On Thu, Dec 13, 2012 at 8:13 AM, Fernando Pelliccioni <fpelliccioni@gmail.com> wrote:
Hi all,
The motivation is to avoid code like the following...
//---------------------------------------------------------------------------- // Usage //----------------------------------------------------------------------------
#include <iostream> #include <string>
struct A { void do_something( std::string s ) const { std::cout << "A::do_something with " << s << " and " << i_ << "\n"; }
int i_ = 99; };
struct Safe { void set_ref( A& a ) { a_ref_ = ref(a); }
void use_ref( std::string s ) const { a_ref_.use( [&s] ( A& a ) { a.do_something(s); }); }
safe_ref<A> a_ref_; };
void usage1() { A a;
Safe safe; safe.use_ref( "hello" ); //null reference, do nothing safe.set_ref(a); safe.use_ref( "hello world!" ); //safe reference, Ok! }
void usage2() { safe_ref<int> si; si.use( [] (int& i ) { std::cout << i << std::endl; });
int temp = 15;
safe_ref<int> si2(temp); si2.use( [] (int& i ) { std::cout << i << std::endl; });
si = ref(temp); si.use( [] (int& i ) { std::cout << i << std::endl; }); } //----------------------------------------------------------------------------
It is similar to optional<T>, but in this case the idea is to not allow access to internal data if the pointer is null, only allowing a safe usage
There is interest to add something like this to Boost? Any comments or remarks?
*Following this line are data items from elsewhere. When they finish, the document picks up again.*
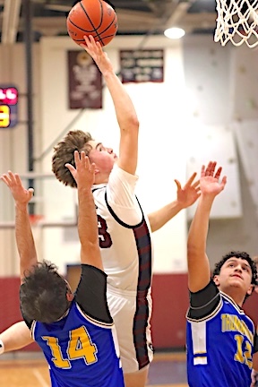 Junior Varsity: Watkins Glen fell to 1-10 with a 51-32 loss to Lansing. Nicolai Holmes scored 10 points, Noah Wright 9 points and Cooper Lagramada 8. Wright led in rebounds with 12. ***** Photos in text: Top: Watkins Glen's Jude Santos (13) drives to the hoop against Lansing's Jackson Tarbert. Santos was fouled on the play. Bottom: The Lake Hawks' Christopher Simiele prepares to shoot in traffic.
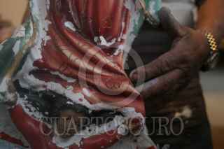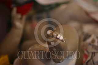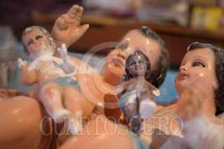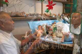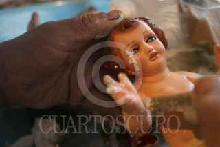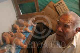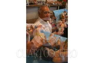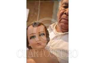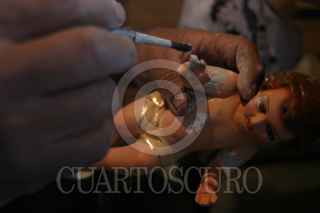 MÉXICO D.F., 22DICIEMBRE2008.- Morenos, claros, grandes y pequeños, de diversos tamaños son los niños dioses que para estas fechas esperan ser reparados por este hombre que también se hace llamar un cirujano de dios, ya que se encuentra rodeado de manos, dedos, y cuerpesitos en mal estado, donde este hombre con mas de 20 años de experiencia hace la reparacion de los niños dioses pues ya están en puerta las tradicional“arrullo”, donde la figura de Cristo en niño es el centro. FOTO: SÁSHENKA GUTIÉRREZ/CUARTOSCURO.COM
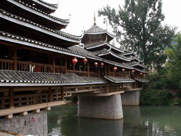 瑤族風(fēng)雨橋,又被稱之為“涼橋”或“風(fēng)水橋”。除木橋外,大多是在石拱橋上加蓋橋廊、橋亭和在橋頭的橋臺(tái)上建閣樓,穿斗式木構(gòu)架,二層檐或三層檐,有的四層檐,通高在9米~10米間。風(fēng)雨橋不僅是路人避雨之處,也是瑤族男女青年談情說愛的約會(huì)場(chǎng)所。廣西瑤族風(fēng)雨橋主要集中在富川瑤族自治縣和恭城瑤族自治縣。富川縣保存至今的古代瑤族風(fēng)雨橋有18座,其中著名的有迥瀾橋(建于明萬歷年間),青龍橋(與前者同時(shí)期修建),以及福壽橋、高橋、鳳溪新橋、皇侯泉橋、東轅橋、鸕鶿塘瀾通橋、龍歸橋、興隆橋等。

I don't see how this is better than optional<T&>, sorry. Your Safe wrapper could have been written around optional with the same success, and using lambdas or other function objects to work with references seem overcomplicated to me. Why not this: optional<int&> si(temp) if (si) std::cout << *si << std::endl; Looks simpler and it is clearly apparent that the output statement is executed conditionally on si presence.